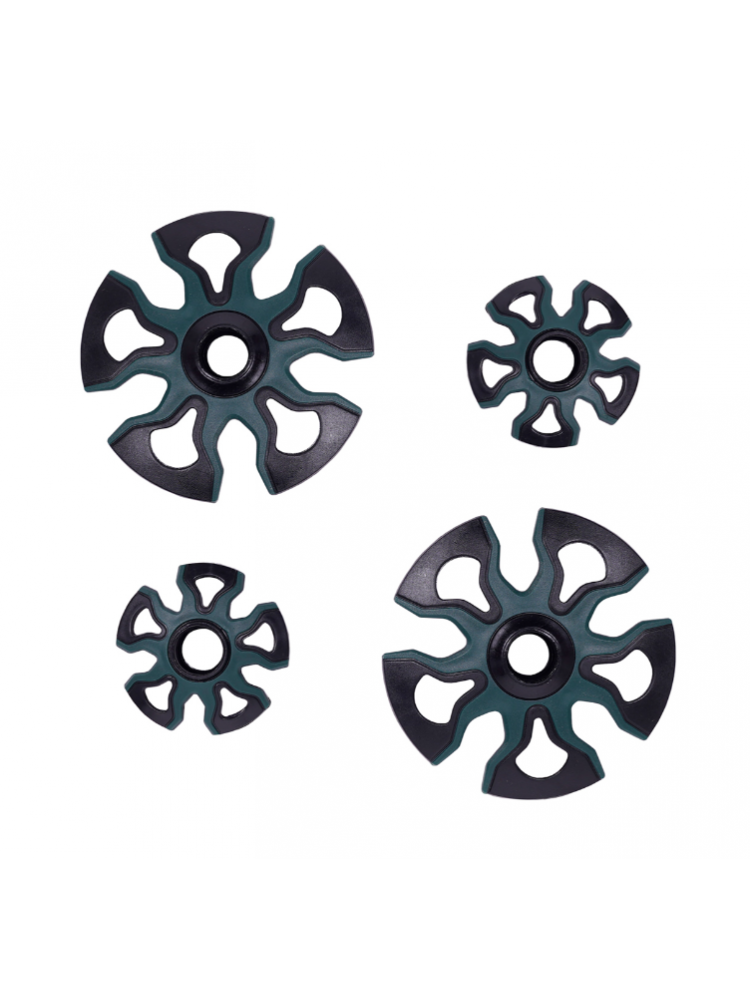 W komplecie talerzyki klasyczne i zimowe, końcówki oraz rzep do spinania kijków.
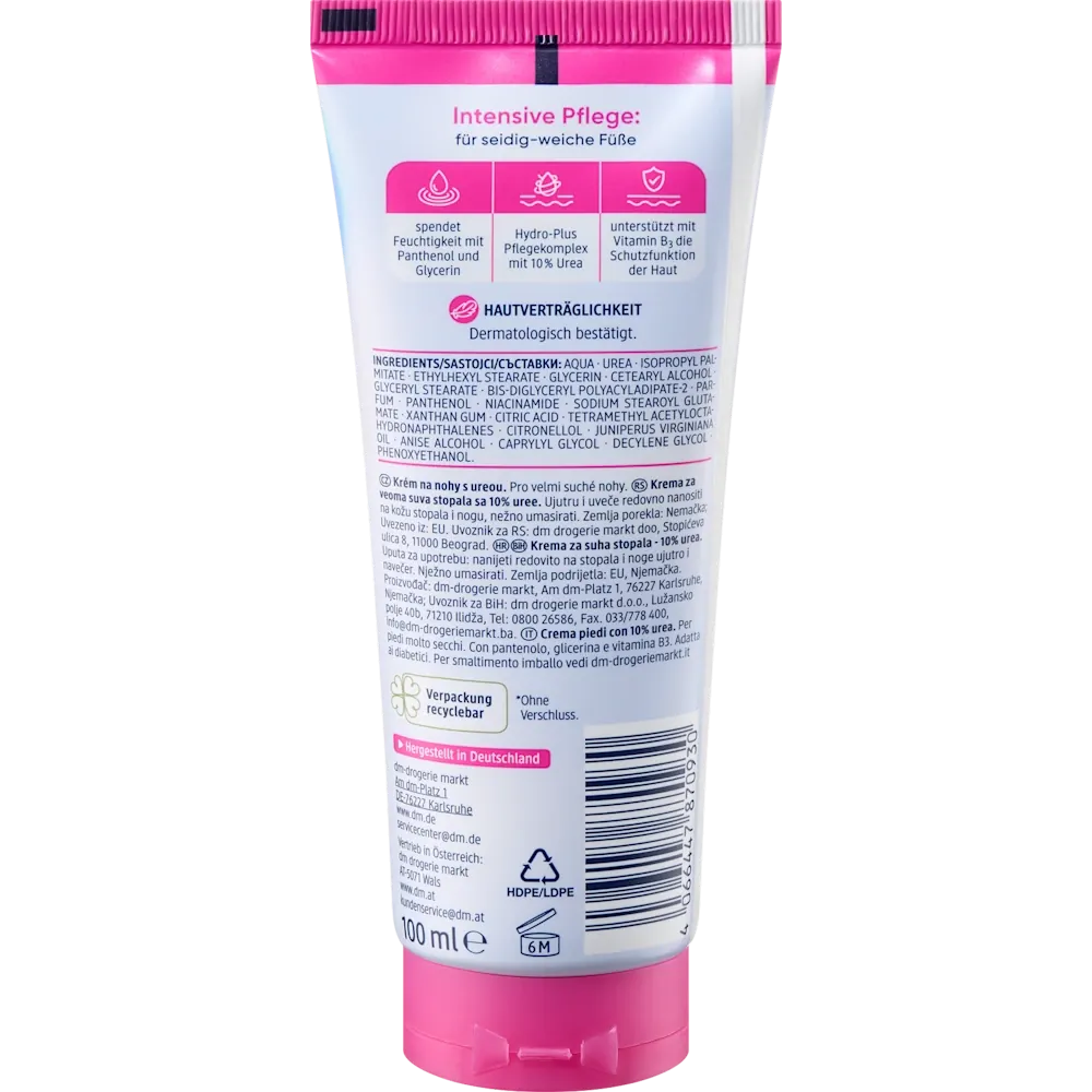 Experience the synergy of medical-grade hydration and skin-restoring vitamins. Infused with Urea and Niacinamide, this foot cream works to soothe / calm irritated skin and provides intense hydration that lasts all day. These active ingredients, combined with Panthenol, significantly aid in barrier repair, helping the skin to regain its natural elasticity. This sophisticated formula delivers vital nourishment, leaving your feet looking remarkably radiant and feeling deeply revitalized.
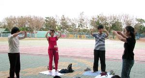 上完法轮功九天课程后,我深知这是万年不遇的好功法,即想在政府单位推展法轮功,经洽其他法轮功学员后表示,他愿意来国贸局教功。我们利用连续二天中午的时间学炼功法。由于4.25事件,民众都很好奇什么是「法轮功」,当我一张贴海报及广播后,有约百人拥入大礼堂学功,其中有不少长官,如副局长,执行秘书等非常认同法轮功。
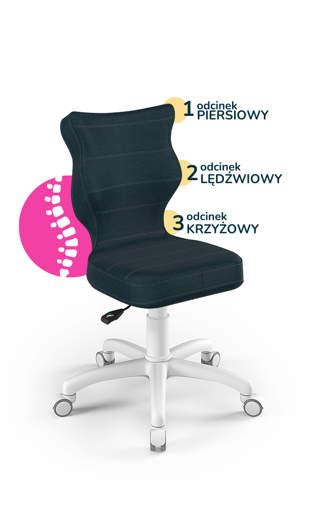 Krzesło dziecięce Petit to ergonomiczne, obrotowe krzesło zaprojektowane z myślą o najmłodszych użytkownikach. Wyprofilowane siedzisko i oparcie wspierają prawidłową postawę, dbając o odcinek piersiowy, lędźwiowy i krzyżowy kręgosłupa. Krzesło posiada podnośnik gazowy, teleskopową osłonkę oraz miękkie kółka, co zapewnia stabilność, bezpieczeństwo i komfort podczas nauki czy pracy przy biurku.
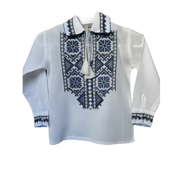 Camasa traditionala de baieti alba cu motiv geometric albastru
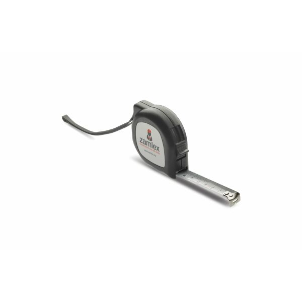 Rolmaat van vijf meter. Groot drukoppervlak.
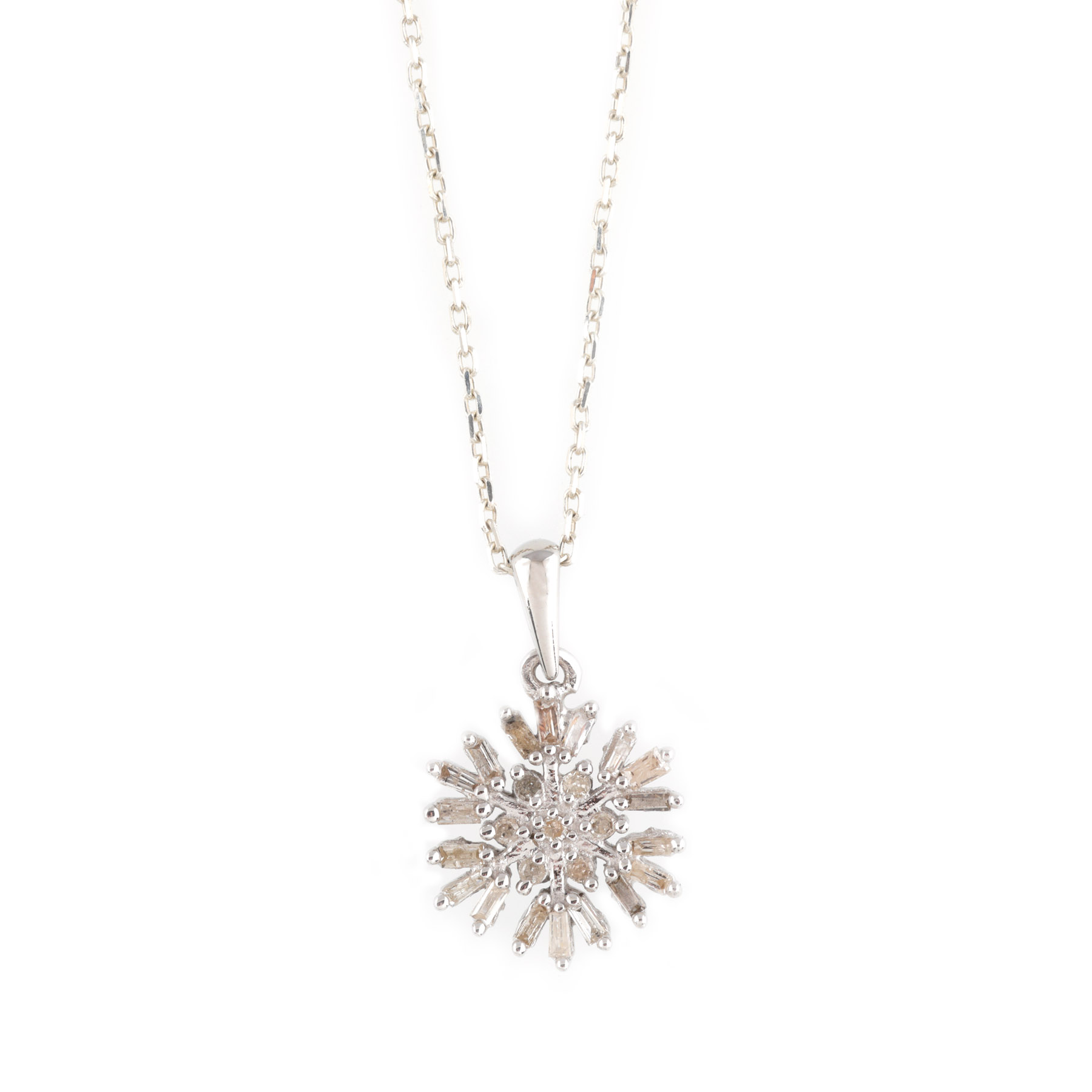 1. Lanț cu pandantiv din argint, în forma unui fulg de nea, ornat cu diamante rotunde și baguette
□ □ □
WORK INSTRUCTIONS:
Your job is to transcribe the records exactly and in full. Pictures are not part of the copy.

RESPONSE:
 W komplecie talerzyki klasyczne i zimowe, końcówki oraz rzep do spinania kijków.
 Experience the synergy of medical-grade hydration and skin-restoring vitamins. Infused with Urea and Niacinamide, this foot cream works to soothe / calm irritated skin and provides intense hydration that lasts all day. These active ingredients, combined with Panthenol, significantly aid in barrier repair, helping the skin to regain its natural elasticity. This sophisticated formula delivers vital nourishment, leaving your feet looking remarkably radiant and feeling deeply revitalized.
 上完法轮功九天课程后,我深知这是万年不遇的好功法,即想在政府单位推展法轮功,经洽其他法轮功学员后表示,他愿意来国贸局教功。我们利用连续二天中午的时间学炼功法。由于4.25事件,民众都很好奇什么是「法轮功」,当我一张贴海报及广播后,有约百人拥入大礼堂学功,其中有不少长官,如副局长,执行秘书等非常认同法轮功。
 Krzesło dziecięce Petit to ergonomiczne, obrotowe krzesło zaprojektowane z myślą o najmłodszych użytkownikach. Wyprofilowane siedzisko i oparcie wspierają prawidłową postawę, dbając o odcinek piersiowy, lędźwiowy i krzyżowy kręgosłupa. Krzesło posiada podnośnik gazowy, teleskopową osłonkę oraz miękkie kółka, co zapewnia stabilność, bezpieczeństwo i komfort podczas nauki czy pracy przy biurku.
 Camasa traditionala de baieti alba cu motiv geometric albastru
 Rolmaat van vijf meter. Groot drukoppervlak.
 1. Lanț cu pandantiv din argint, în forma unui fulg de nea, ornat cu diamante rotunde și baguette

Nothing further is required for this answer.